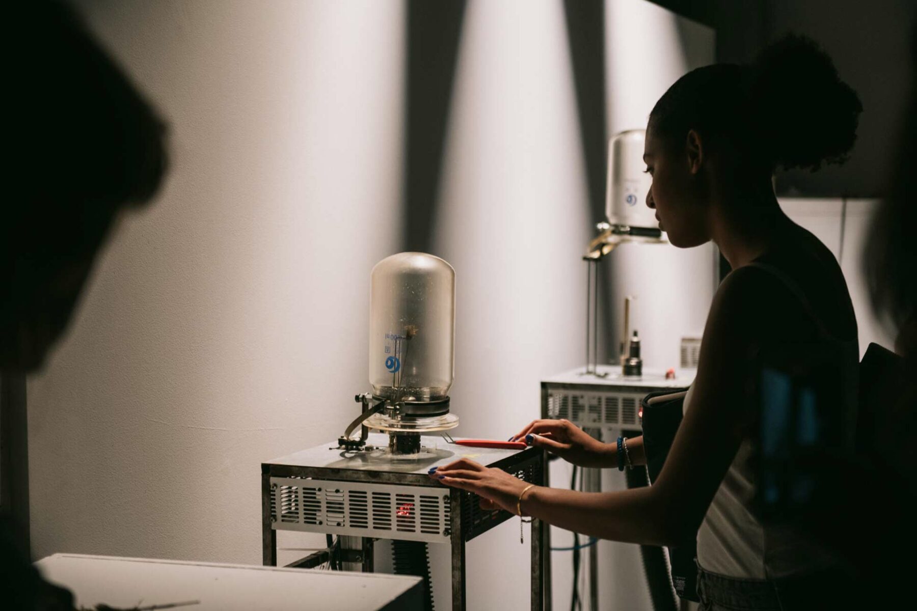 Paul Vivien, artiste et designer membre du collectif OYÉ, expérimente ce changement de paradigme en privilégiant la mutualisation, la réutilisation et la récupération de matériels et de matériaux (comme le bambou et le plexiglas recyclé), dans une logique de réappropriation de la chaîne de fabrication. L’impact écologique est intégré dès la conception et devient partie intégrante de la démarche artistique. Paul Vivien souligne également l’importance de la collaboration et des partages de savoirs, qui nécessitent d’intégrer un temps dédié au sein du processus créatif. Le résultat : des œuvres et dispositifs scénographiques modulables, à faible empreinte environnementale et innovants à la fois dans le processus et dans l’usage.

__________________________________________________

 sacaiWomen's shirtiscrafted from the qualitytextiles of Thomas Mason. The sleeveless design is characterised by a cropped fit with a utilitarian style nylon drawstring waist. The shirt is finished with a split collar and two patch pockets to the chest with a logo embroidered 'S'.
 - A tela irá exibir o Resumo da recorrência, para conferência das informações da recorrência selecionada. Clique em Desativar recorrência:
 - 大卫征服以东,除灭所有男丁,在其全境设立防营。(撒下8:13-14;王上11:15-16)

__________________________________________________

→ EXERCISE
All that is wanted is an exact copy of the lines above from the one with "- A tela irá" through the one with "- 大卫征服以东,除灭所有男", with both ends included.

→ TASK RESULT
 - A tela irá exibir o Resumo da recorrência, para conferência das informações da recorrência selecionada. Clique em Desativar recorrência:
 - 大卫征服以东,除灭所有男丁,在其全境设立防营。(撒下8:13-14;王上11:15-16)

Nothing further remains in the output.